**Data excerpt**
.....
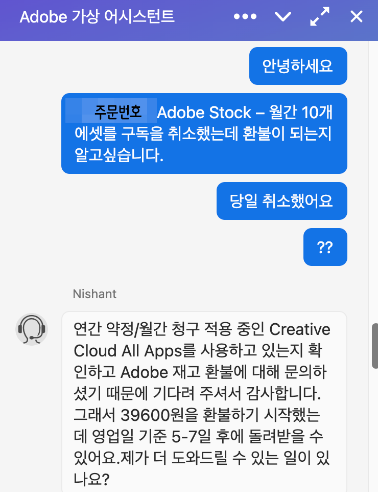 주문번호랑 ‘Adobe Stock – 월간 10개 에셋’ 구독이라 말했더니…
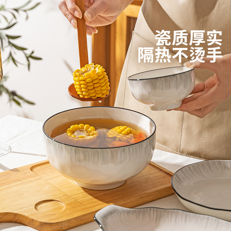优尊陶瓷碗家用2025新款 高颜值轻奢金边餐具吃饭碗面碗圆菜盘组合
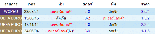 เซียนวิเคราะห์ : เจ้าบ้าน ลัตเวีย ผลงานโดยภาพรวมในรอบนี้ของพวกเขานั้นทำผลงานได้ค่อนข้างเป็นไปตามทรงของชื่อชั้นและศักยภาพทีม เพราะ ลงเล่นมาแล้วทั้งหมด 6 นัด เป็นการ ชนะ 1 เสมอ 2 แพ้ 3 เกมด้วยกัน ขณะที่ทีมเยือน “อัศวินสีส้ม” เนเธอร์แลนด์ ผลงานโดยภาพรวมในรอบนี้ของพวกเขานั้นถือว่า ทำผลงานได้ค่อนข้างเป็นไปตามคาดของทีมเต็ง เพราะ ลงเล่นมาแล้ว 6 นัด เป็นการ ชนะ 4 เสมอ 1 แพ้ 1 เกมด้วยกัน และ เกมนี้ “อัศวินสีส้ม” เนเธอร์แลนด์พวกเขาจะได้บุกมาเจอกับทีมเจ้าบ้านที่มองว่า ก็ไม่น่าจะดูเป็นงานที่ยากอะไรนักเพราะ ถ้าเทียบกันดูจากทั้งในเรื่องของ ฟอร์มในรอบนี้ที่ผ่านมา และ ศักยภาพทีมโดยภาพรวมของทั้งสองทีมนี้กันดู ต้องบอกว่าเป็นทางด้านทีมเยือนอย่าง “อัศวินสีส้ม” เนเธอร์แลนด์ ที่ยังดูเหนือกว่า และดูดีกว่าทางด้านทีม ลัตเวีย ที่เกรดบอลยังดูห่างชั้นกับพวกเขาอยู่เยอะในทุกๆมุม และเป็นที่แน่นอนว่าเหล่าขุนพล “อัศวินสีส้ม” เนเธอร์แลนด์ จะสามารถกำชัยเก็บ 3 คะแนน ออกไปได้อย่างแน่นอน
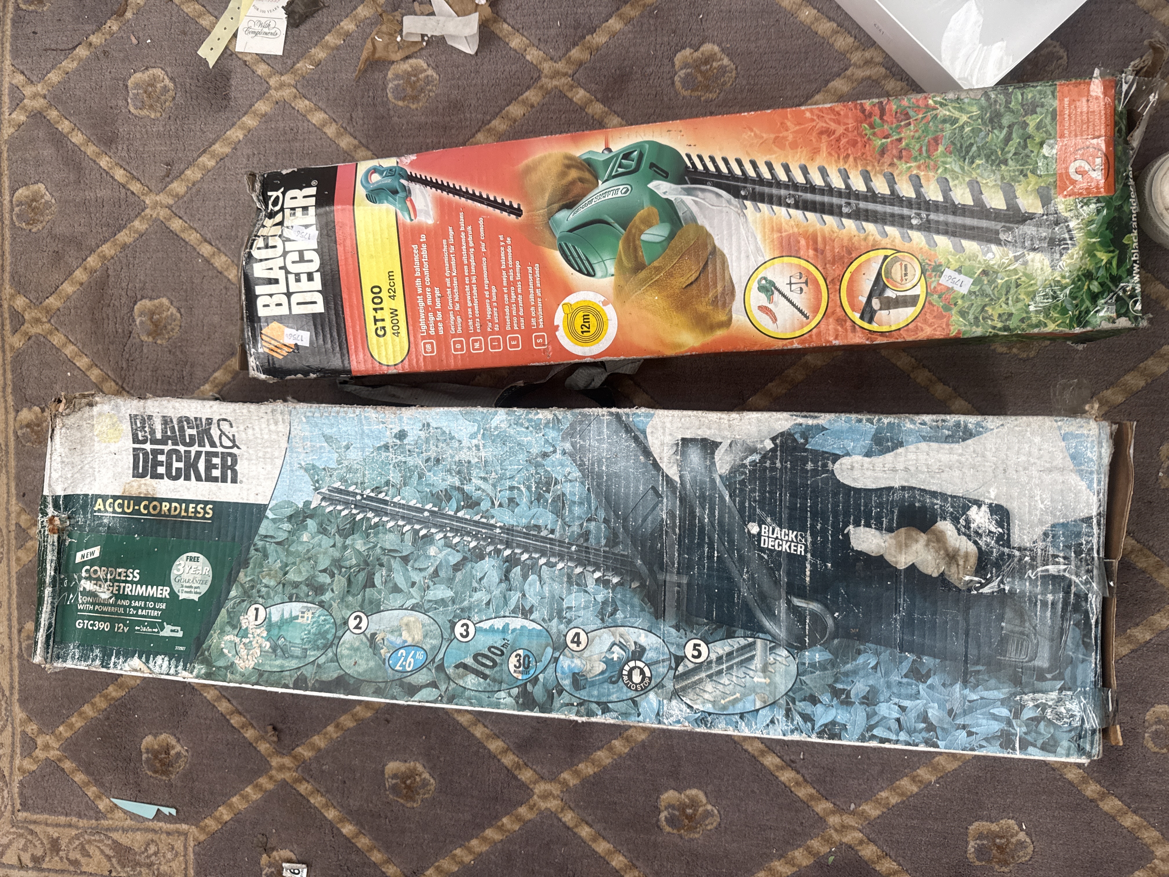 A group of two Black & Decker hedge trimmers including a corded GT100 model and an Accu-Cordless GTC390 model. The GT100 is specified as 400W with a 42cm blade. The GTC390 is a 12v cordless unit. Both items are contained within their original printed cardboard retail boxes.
.....
**Activity**
The job here is to retype the data exactly, with no pictures included.

**Solution to the exercise**
 주문번호랑 ‘Adobe Stock – 월간 10개 에셋’ 구독이라 말했더니…
优尊陶瓷碗家用2025新款 高颜值轻奢金边餐具吃饭碗面碗圆菜盘组合
 เซียนวิเคราะห์ : เจ้าบ้าน ลัตเวีย ผลงานโดยภาพรวมในรอบนี้ของพวกเขานั้นทำผลงานได้ค่อนข้างเป็นไปตามทรงของชื่อชั้นและศักยภาพทีม เพราะ ลงเล่นมาแล้วทั้งหมด 6 นัด เป็นการ ชนะ 1 เสมอ 2 แพ้ 3 เกมด้วยกัน ขณะที่ทีมเยือน “อัศวินสีส้ม” เนเธอร์แลนด์ ผลงานโดยภาพรวมในรอบนี้ของพวกเขานั้นถือว่า ทำผลงานได้ค่อนข้างเป็นไปตามคาดของทีมเต็ง เพราะ ลงเล่นมาแล้ว 6 นัด เป็นการ ชนะ 4 เสมอ 1 แพ้ 1 เกมด้วยกัน และ เกมนี้ “อัศวินสีส้ม” เนเธอร์แลนด์พวกเขาจะได้บุกมาเจอกับทีมเจ้าบ้านที่มองว่า ก็ไม่น่าจะดูเป็นงานที่ยากอะไรนักเพราะ ถ้าเทียบกันดูจากทั้งในเรื่องของ ฟอร์มในรอบนี้ที่ผ่านมา และ ศักยภาพทีมโดยภาพรวมของทั้งสองทีมนี้กันดู ต้องบอกว่าเป็นทางด้านทีมเยือนอย่าง “อัศวินสีส้ม” เนเธอร์แลนด์ ที่ยังดูเหนือกว่า และดูดีกว่าทางด้านทีม ลัตเวีย ที่เกรดบอลยังดูห่างชั้นกับพวกเขาอยู่เยอะในทุกๆมุม และเป็นที่แน่นอนว่าเหล่าขุนพล “อัศวินสีส้ม” เนเธอร์แลนด์ จะสามารถกำชัยเก็บ 3 คะแนน ออกไปได้อย่างแน่นอน
 A group of two Black & Decker hedge trimmers including a corded GT100 model and an Accu-Cordless GTC390 model. The GT100 is specified as 400W with a 42cm blade. The GTC390 is a 12v cordless unit. Both items are contained within their original printed cardboard retail boxes.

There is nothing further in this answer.